If DLT is to become increasingly ubiquitous across a range of software-enabled business activities, it will be important for businesses using the technology to understand the legal risks which, in the case of activities subject to the GDPR, clearly include the potential for very material regulatory fines.
Where the purpose of the ledger/blockchain in question is to record a transaction involving human agency, then implicitly there needs to be some sort of ability to link the ledger to a person. In general, most public ledgers are pseudonymous. Individuals are represented by strings of letters and numbers (let's call these ‘Ledger IDs’), not by common identification fields (name, address, etc). However, if an individual's Ledger ID does become linked to them then anyone who knows the link can monitor the individual's behaviour on the ledger. If not overtly then, in combination with other data, the ledger would seem likely to contain personal data.
By looking at one example of how GDPR and DLT may, at first, appear disharmonious and then considering one possible technical solution we can see how compliant deployment of DLT could become a benchmark for privacy, rather than a cause for concern.
Right to erasure
A positive feature of DLT is often said to be its immutability. Whilst ‘immutability’ is too absolute a concept to be a true virtue of DLT in the fullest sense, by virtue of it creating a distributed and decentralised number of copies of itself, a ledger cannot easily be changed. It has an element of immunity-by-design to tinkering and cannot (without exceptional effort) be changed retrospectively; you can only add to it.
GDPR Article 17 contains the grounds upon which the ‘right to be forgotten’ can be exercised. If Mr D. Subject validly seeks to exercise this right with respect to a distributed ledger on which his transaction is recorded we may, it seems, have a problem (given the principles noted in the previous paragraph) as we can't go back and change the ledger to remove ‘his’ blocks.
An ingenious technical solution deploying ‘zero-knowledge proof’ may, however, provide the solution.
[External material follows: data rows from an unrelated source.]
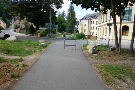 Der Startpunkt des Radwegs liegt am anderen (südlichen) Muldeufer in der Rudolf-Breitscheid-Straße.
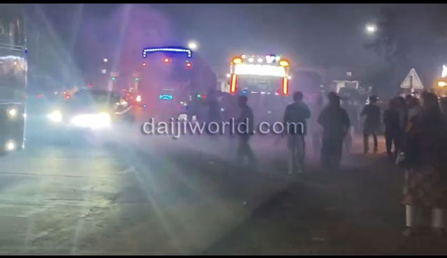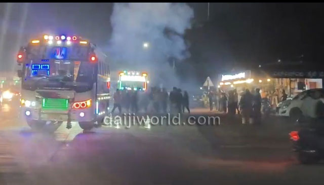 The students, who had arrived in Udupi on a leisure trip, came in two buses from Kerala. According to reports, the buses were halted near the toll gate, after which the students stepped onto the road and began dancing and bursting crackers, causing inconvenience to motorists and disrupting traffic movement.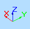 The Axis Indicator is a viewing aid and is used to show the relative orientation of X, Y and Z world coordinate axes in the active 3D window. It looks like this: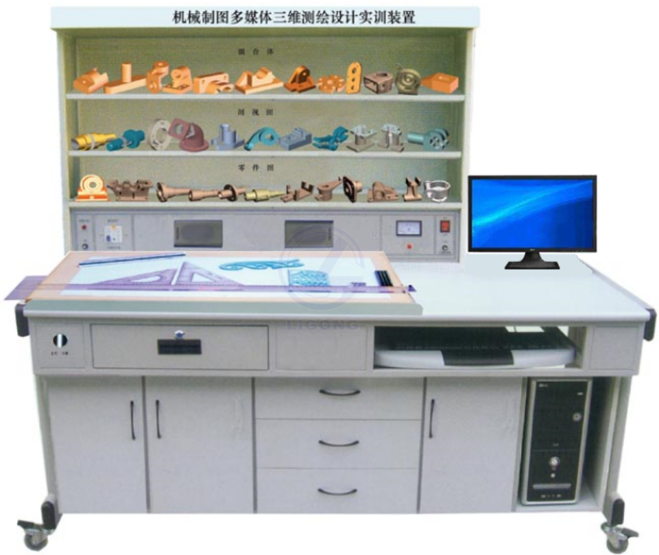 本公司首創研制開發,集設計、測繪、創新于一體的LG-FZ07型 機械制圖多媒體三維測繪設計實訓裝置,適用于《技術制圖》、《機械制圖》、《工程制圖》等課程。《機械制圖》是高職高專機械類專業學生必修的一門專業技術基礎課。是培養學生正確識讀和繪制機械圖樣,增強學生工程基礎能力,實踐性較強的應用型設備。同時,借助于計算機圖形學技術和多媒體技術,采用機械制圖多媒體軟件用電腦演示三維動態模型,加強直觀性教學,做到教學內容直觀形象,提高學習興趣、降低學習難度。還采用繪圖板來畫圖,制圖板的上下升降采用電動控制;實訓裝置采用36件模型供學生使用。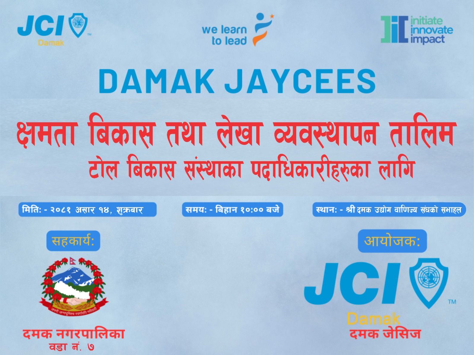 • Trainer: Govindaraj Kattel MTOT Graduate JCI NEPAL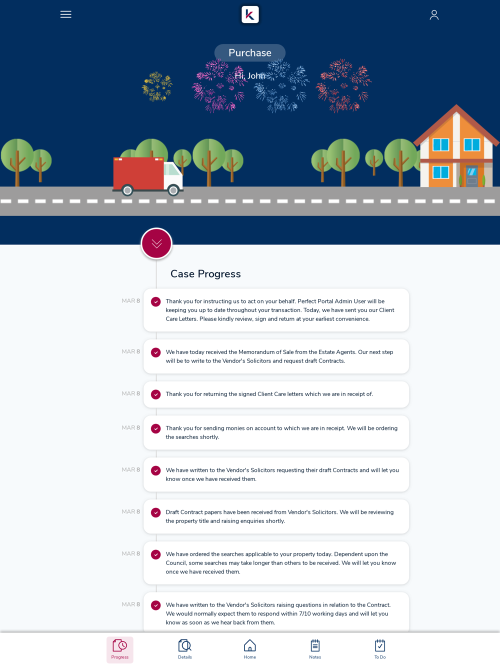 Information is updated whenever a task is completed by us, saving you unnecessary time spent on phone calls and emails. The app will even send you notifications when a task has been updated, to make sure you’ve always got up to the minute information.
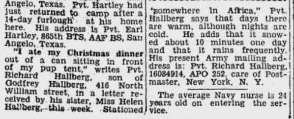 A newspaper clipping mentioning Richard Hallberg that was published in The Ludington Daily News on January 23, 1943.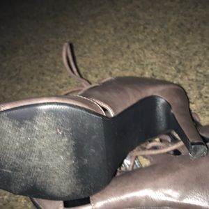 ABSOLUTELY BEAUTIFUL OPEN TOE TAUPE TIE UP VERY SEXY HEELS 👠 WORE TO A WEDDING .. PURE GRAIN LEATHER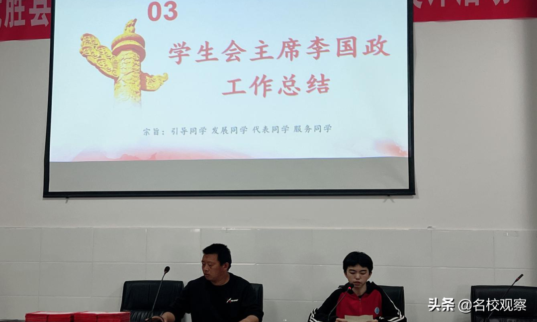 会议第三项议程:初2019级学生会主席李国政进行工作总结。李主席的发言,语言铿锵而有力,字字带着期许与责任。这大概就是薪火相传,生生不息背后的力量和使命。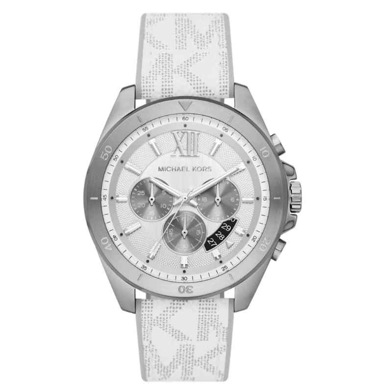 Michael Kors MK8949 Brecken Men’s White Grey PVC Silver Tone Chronograph Watch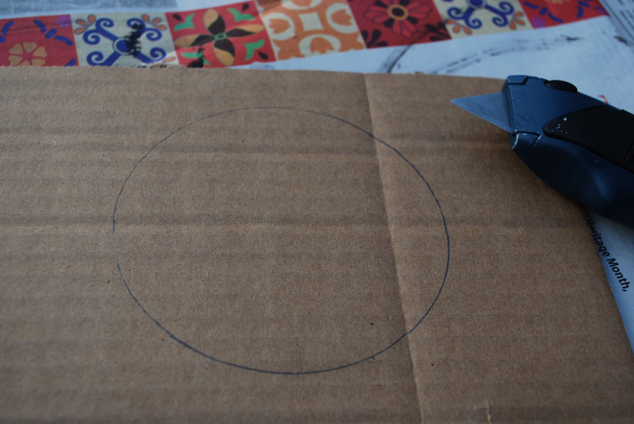 Using a spare piece of cardboard, cut a small circle (about six inches in diameter). | 2,048 | 1,371 |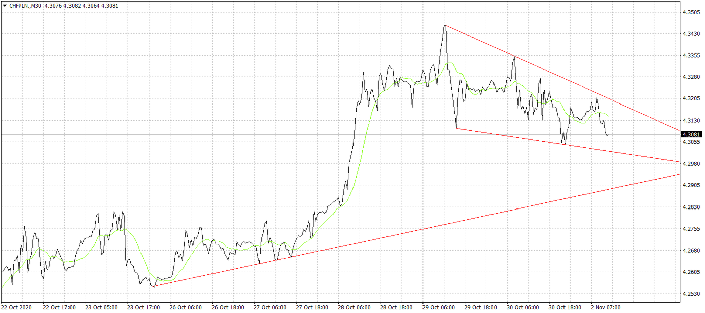 Odreagowanie widzimy również na parze CHF/PLN. Kurs testuje obecnie wsparcie na poziomie 4,30. Trzeba jednak pamiętać, że ryzyk na rynkach nie brakuje. Pomijając szalejącą drugą falę pandemii, w tym tygodniu na piedestał jednak wysuwa się bez wątpienia temat wyborów w USA. Zwycięstwo Bidena może przyczynić się do ucieczki kapitału do bezpiecznych przystani, jak właśnie frank szwajcarski. Przyczyny takich ruchów należy upatrywać w tym, że inwestorzy nie do końca wiedzą, czego można się spodziewać po nowym kandydacie i jakie będą jego pierwsze decyzje. Bez wątpienia czynnikiem ryzyka dla notowań złotego pozostaje sytuacja w naszym kraju. Fala protestów, która przechodzi przez Polskę, nie traci werwy, co może skutkować radykalnymi decyzjami naszego rządu. Od pewnego czasu mówi się też, że temat ten ma nieco przyćmić zmianę w konstytucji, dotyczącą limitu zadłużenia naszego kraju w wysokości 60% PKB. Jeśli faktycznie takie decyzje zapadną, to z pewnością zainteresują się nami agencje ratingowe i zetną nam oceny wiarygodności, co może przynieść jeszcze wyraźniejsze osłabienie złotego. W krótkim terminie więc kredytobiorcy mogą dostać chwilową ulgę, spłacając nieco niższe raty swoich kredytów, niemniej jednak w dłuższym terminie możemy być świadkami dalszego ich wzrostu z powodu osłabienia złotego w relacji do franka szwajcarskiego.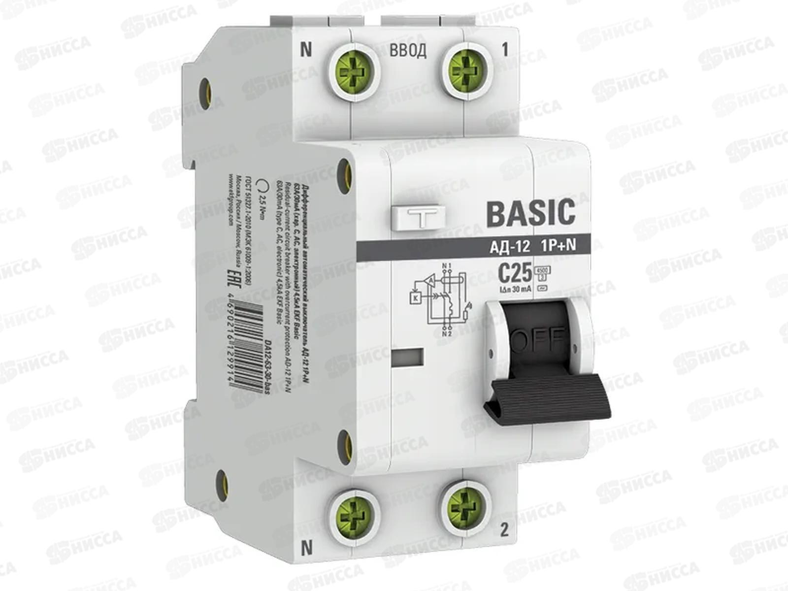 АВДТ АД-12 1P+N 25А 30мА тип AC (характеристика C) 4,5кА

Consider the following thought experiment:
I am colour-blind. I have two objects, identical in feel, dimension and weight. One is red. One is green. My colour-blindness does not allow me to distinguish between red and green and since I have never ‘seen’ either colour on an experiential basis I am sceptical that there is actually any difference. To me, the objects are identical.
You tell me you have a way to prove the difference to me.
You tell me to conceal the objects from you and then to reveal one of them. You observe the revealed object and then instruct me to put it back in concealment with the other. You then tell me to reveal an object again; I am allowed to show the same object or to swap and reveal the other one. I reveal the object and you record your observation as to whether it has been swapped or whether the same object has been revealed twice. I separately, and secretly, record whether or not I did swap the object. We repeat this experiment a number of times.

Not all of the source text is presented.